# Introduction to Python for Earth Scientists

These notebooks have been developed by Calum Chamberlain, Finnigan Illsley-Kemp and John Townend at [Victoria University of Wellington---Te Herenga Waka](https://www.wgtn.ac.nz) for use by students entering the postgraduate programme in Earth Science.

We presume very little background in command-line or code-based computing, and have compiled this material with an emphasis on general tasks that a grad student might encounter on a daily basis. 

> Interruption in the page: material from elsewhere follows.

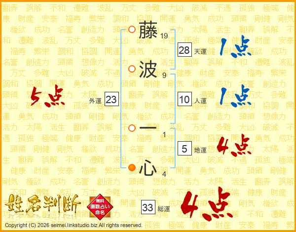 藤波一心さんの総運は33画の4点!

| Notebook | Contents | Data |
| --- | --- | --- |
| [1A](ESCI451_Module_1A.ipynb) | Introduction to programming, Python, and Jupyter notebooks | - |
| [1B](ESCI451_Module_1B.ipynb) | Basic data types and variables, getting data, and plotting with Matplotlib | Geodetic positions |
| [2A](ESCI451_Module_2A.ipynb) | More complex plotting, introduction to Numpy | Geodetic positions; DFDP-2B temperatures |
| [2B](ESCI451_Module_2B.ipynb) | Using Pandas to load, peruse and plot data | Earthquake catalogue  |
| [3A](ESCI451_Module_3A.ipynb) | Working with Pandas dataframes | Geochemical data set; earthquake catalogue |
| [3B](ESCI451_Module_3B.ipynb) | Simple time series analysis using Pandas | TBD |
| [4A](ESCI451_Module_4A.ipynb) | Making maps with Cartopy | Earthquake catalogue |
| **[4B](ESCI451_Module_4B.ipynb)** | **Working with gridded data** | **DEMs and Ashfall data** |

The content may change in response to students' questions or current events. Each of the four modules has been designed to take about three hours, with a short break between each of the two parts.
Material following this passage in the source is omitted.